- [Exercise objective]
Only the lines from the one containing "Murine 3 km" through the end of the data below are to be repeated, exactly as given, without pictures.

- [Dataset content]
◆ ◆ ◆ ◆ ◆

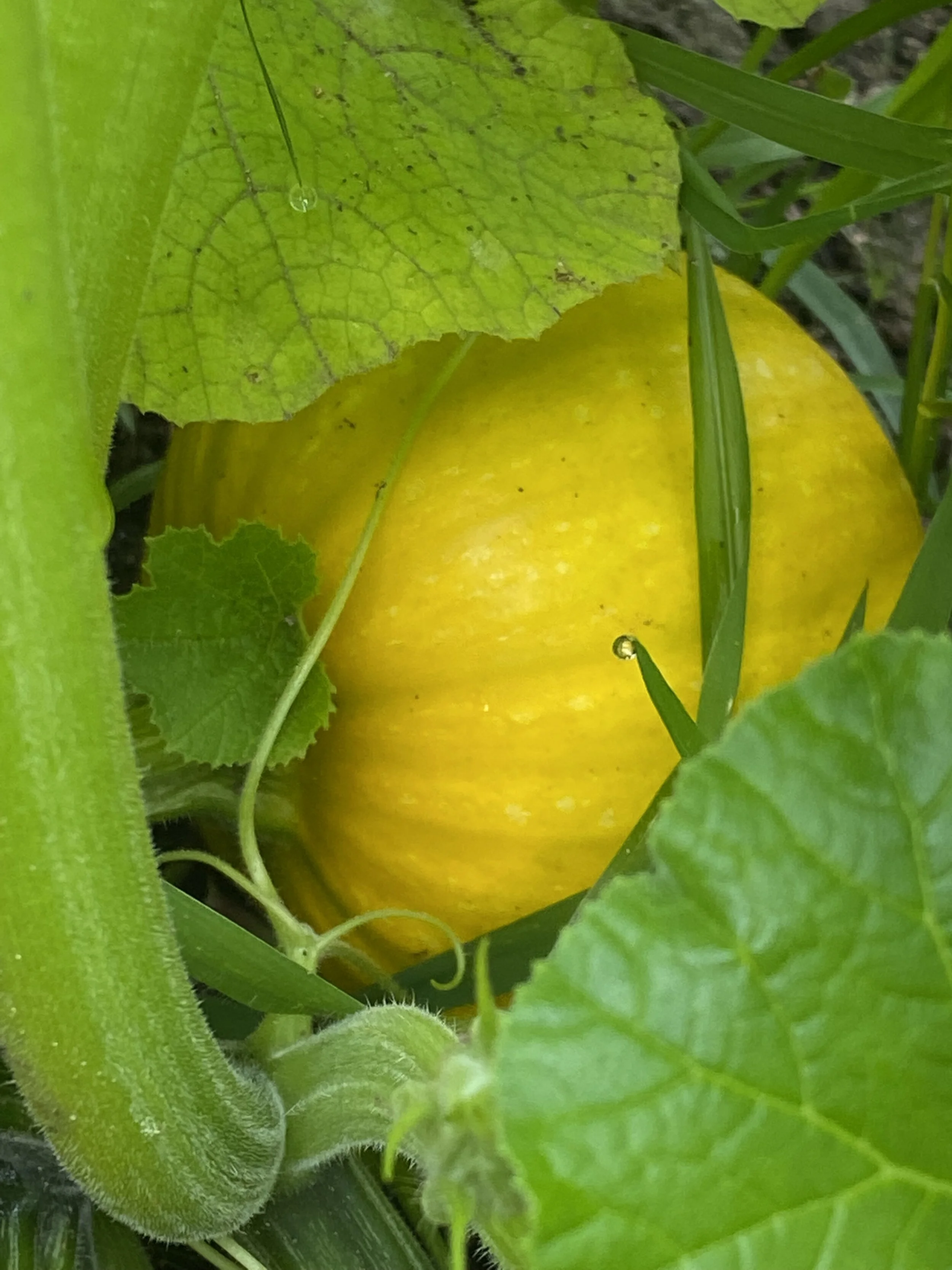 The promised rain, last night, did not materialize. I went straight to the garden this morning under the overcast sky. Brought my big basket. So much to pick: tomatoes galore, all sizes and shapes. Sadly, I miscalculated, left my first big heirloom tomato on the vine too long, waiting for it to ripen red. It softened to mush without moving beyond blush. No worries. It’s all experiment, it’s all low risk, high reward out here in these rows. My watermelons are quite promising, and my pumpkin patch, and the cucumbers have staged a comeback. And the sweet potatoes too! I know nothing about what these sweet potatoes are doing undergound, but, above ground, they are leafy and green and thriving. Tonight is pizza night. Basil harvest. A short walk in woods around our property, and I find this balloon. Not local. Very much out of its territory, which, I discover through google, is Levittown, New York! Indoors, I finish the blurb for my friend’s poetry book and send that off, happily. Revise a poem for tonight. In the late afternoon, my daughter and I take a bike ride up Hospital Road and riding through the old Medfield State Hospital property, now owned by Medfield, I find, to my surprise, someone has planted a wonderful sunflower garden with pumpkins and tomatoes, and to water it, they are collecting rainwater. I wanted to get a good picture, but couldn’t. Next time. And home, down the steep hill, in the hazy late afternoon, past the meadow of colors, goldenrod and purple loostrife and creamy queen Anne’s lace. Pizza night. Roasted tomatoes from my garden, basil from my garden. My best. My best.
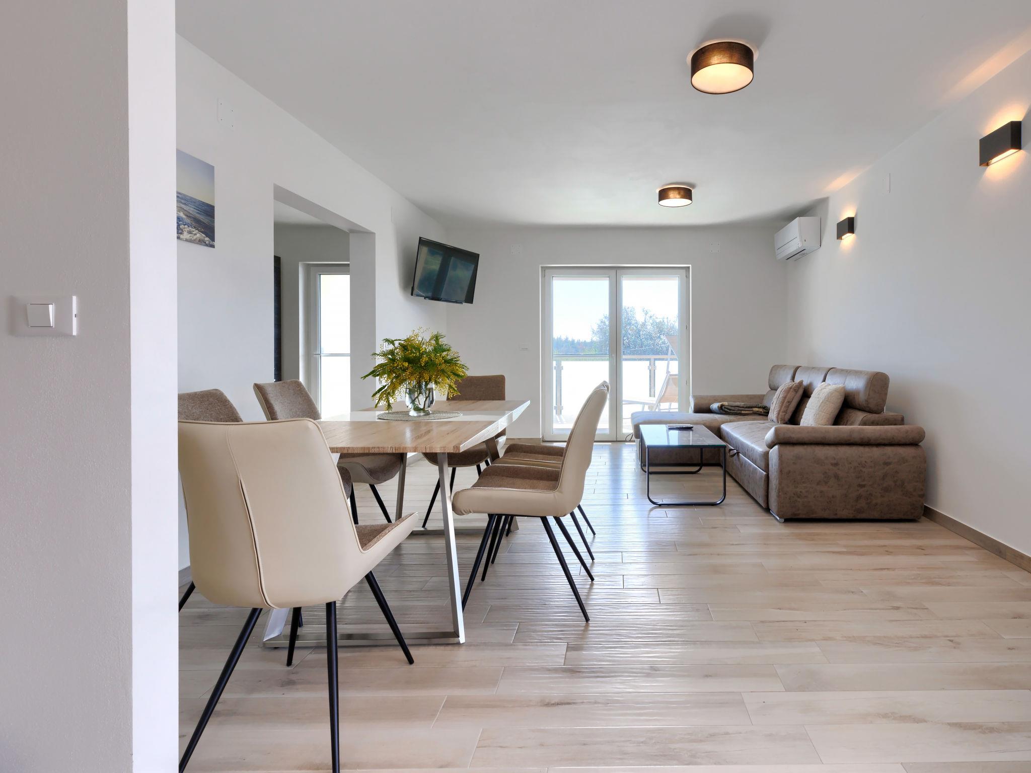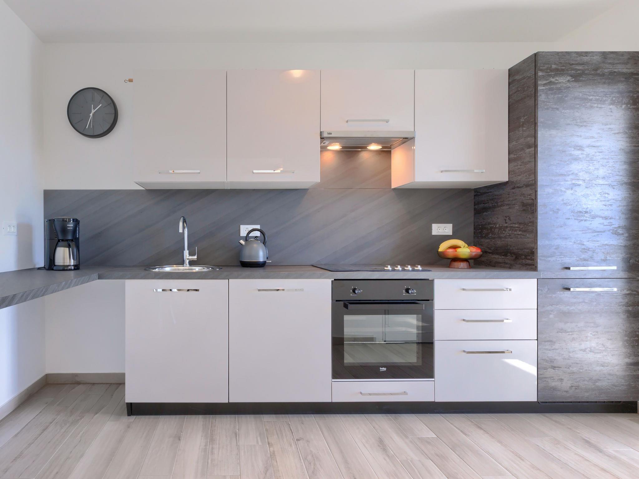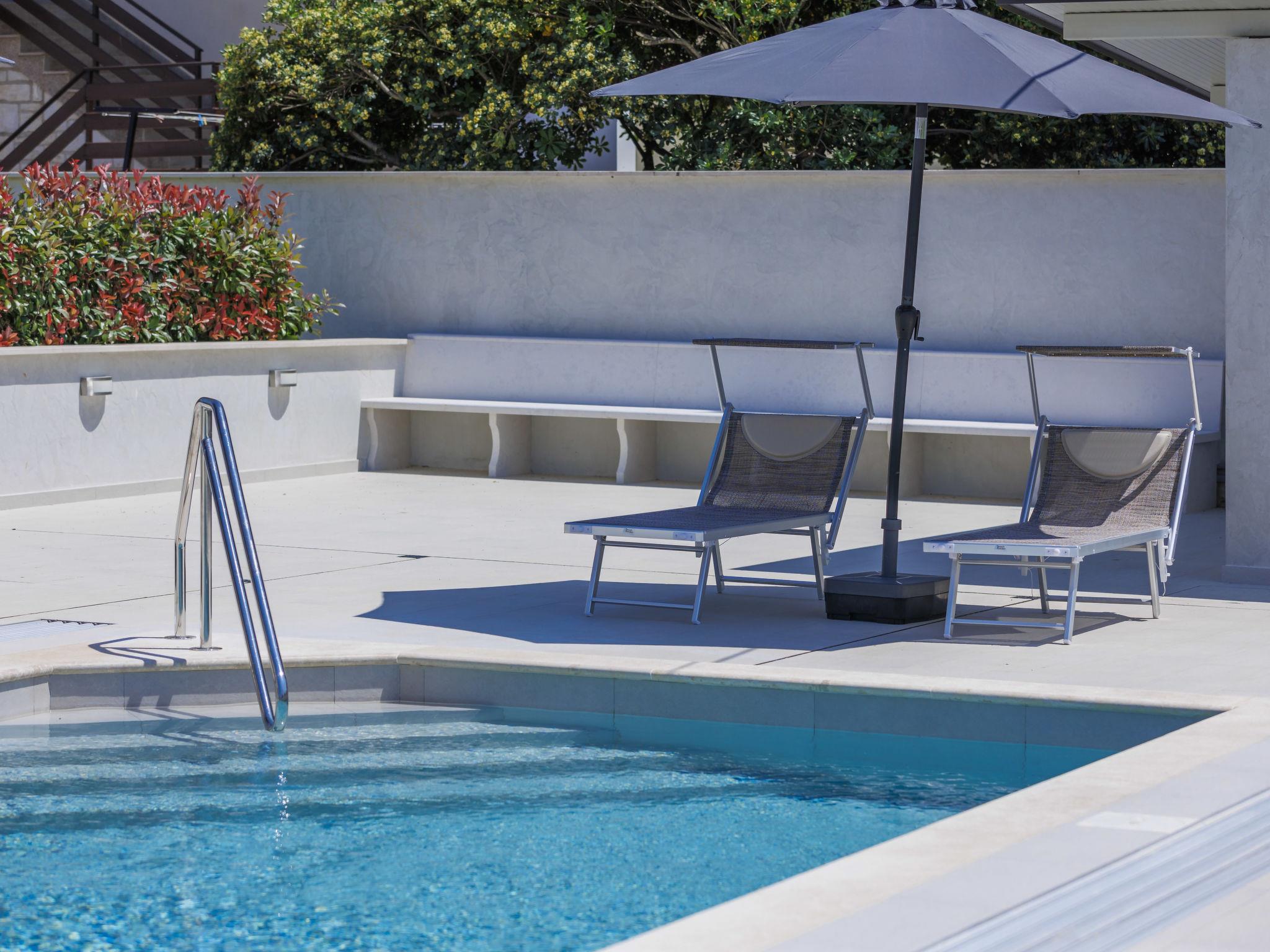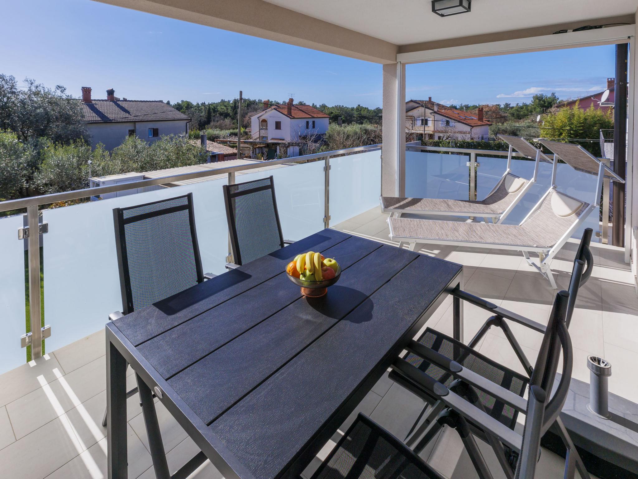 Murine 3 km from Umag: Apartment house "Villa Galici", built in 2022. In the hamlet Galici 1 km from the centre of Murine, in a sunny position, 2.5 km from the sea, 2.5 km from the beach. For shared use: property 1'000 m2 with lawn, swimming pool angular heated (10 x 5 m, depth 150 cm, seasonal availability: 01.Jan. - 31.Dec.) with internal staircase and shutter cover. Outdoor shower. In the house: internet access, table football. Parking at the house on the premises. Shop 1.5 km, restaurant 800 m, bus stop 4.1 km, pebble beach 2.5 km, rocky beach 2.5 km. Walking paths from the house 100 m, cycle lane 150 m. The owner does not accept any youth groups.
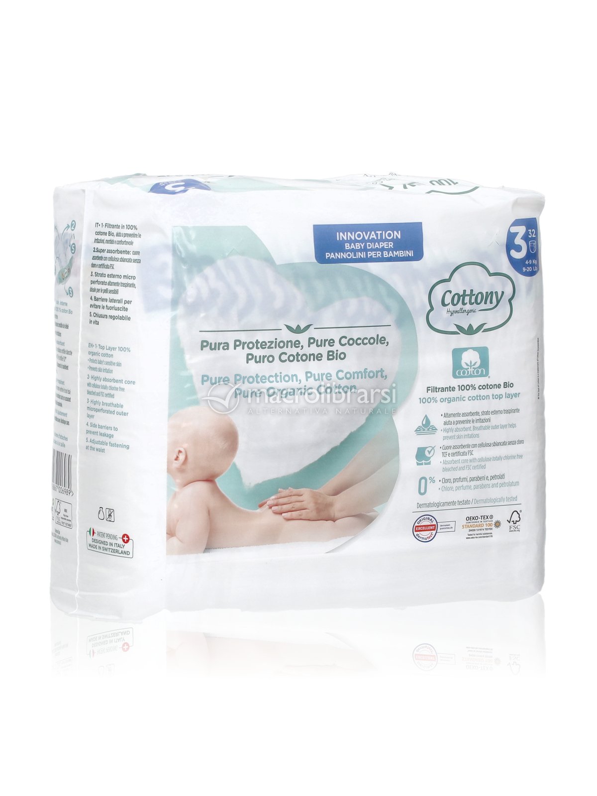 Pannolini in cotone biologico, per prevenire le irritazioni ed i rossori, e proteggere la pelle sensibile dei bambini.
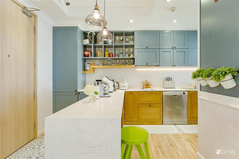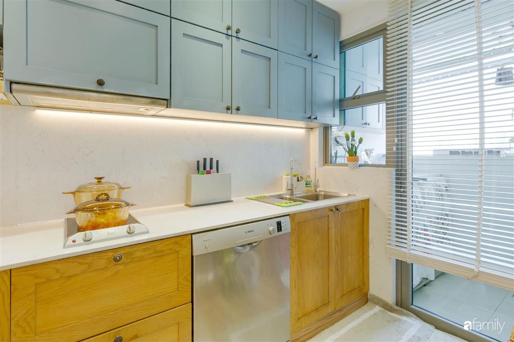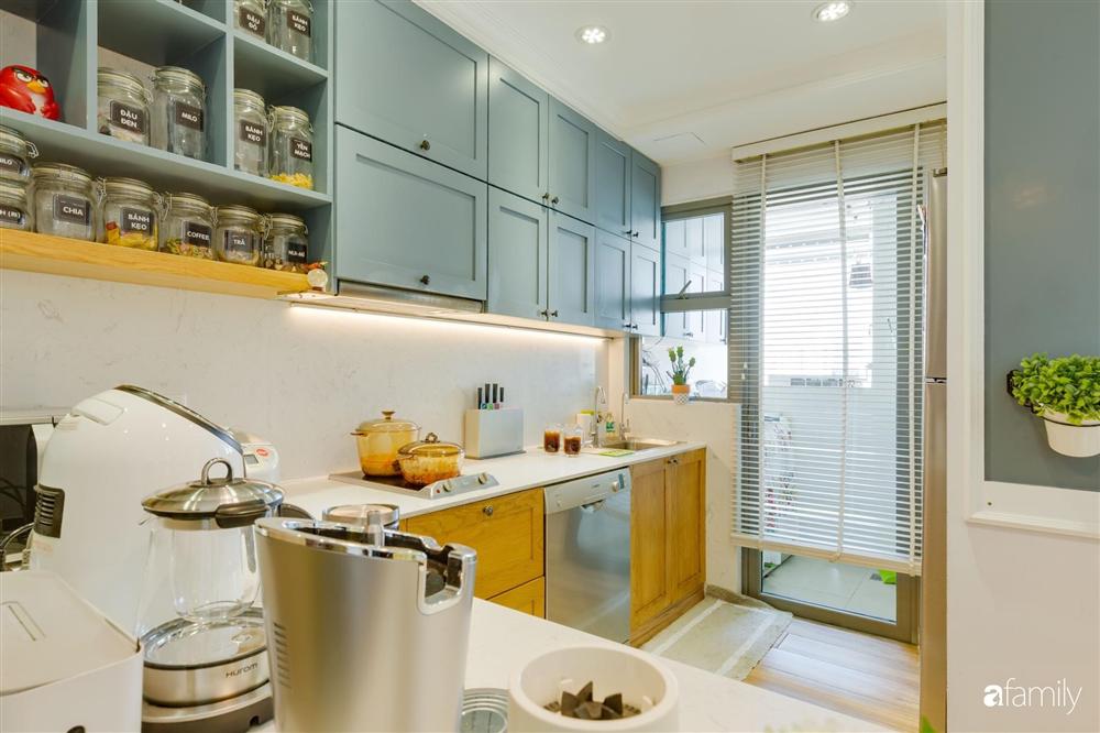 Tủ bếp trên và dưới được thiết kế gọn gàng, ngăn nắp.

◆ ◆ ◆ ◆ ◆

- [Written solution]
 Murine 3 km from Umag: Apartment house "Villa Galici", built in 2022. In the hamlet Galici 1 km from the centre of Murine, in a sunny position, 2.5 km from the sea, 2.5 km from the beach. For shared use: property 1'000 m2 with lawn, swimming pool angular heated (10 x 5 m, depth 150 cm, seasonal availability: 01.Jan. - 31.Dec.) with internal staircase and shutter cover. Outdoor shower. In the house: internet access, table football. Parking at the house on the premises. Shop 1.5 km, restaurant 800 m, bus stop 4.1 km, pebble beach 2.5 km, rocky beach 2.5 km. Walking paths from the house 100 m, cycle lane 150 m. The owner does not accept any youth groups.
 Pannolini in cotone biologico, per prevenire le irritazioni ed i rossori, e proteggere la pelle sensibile dei bambini.
 Tủ bếp trên và dưới được thiết kế gọn gàng, ngăn nắp.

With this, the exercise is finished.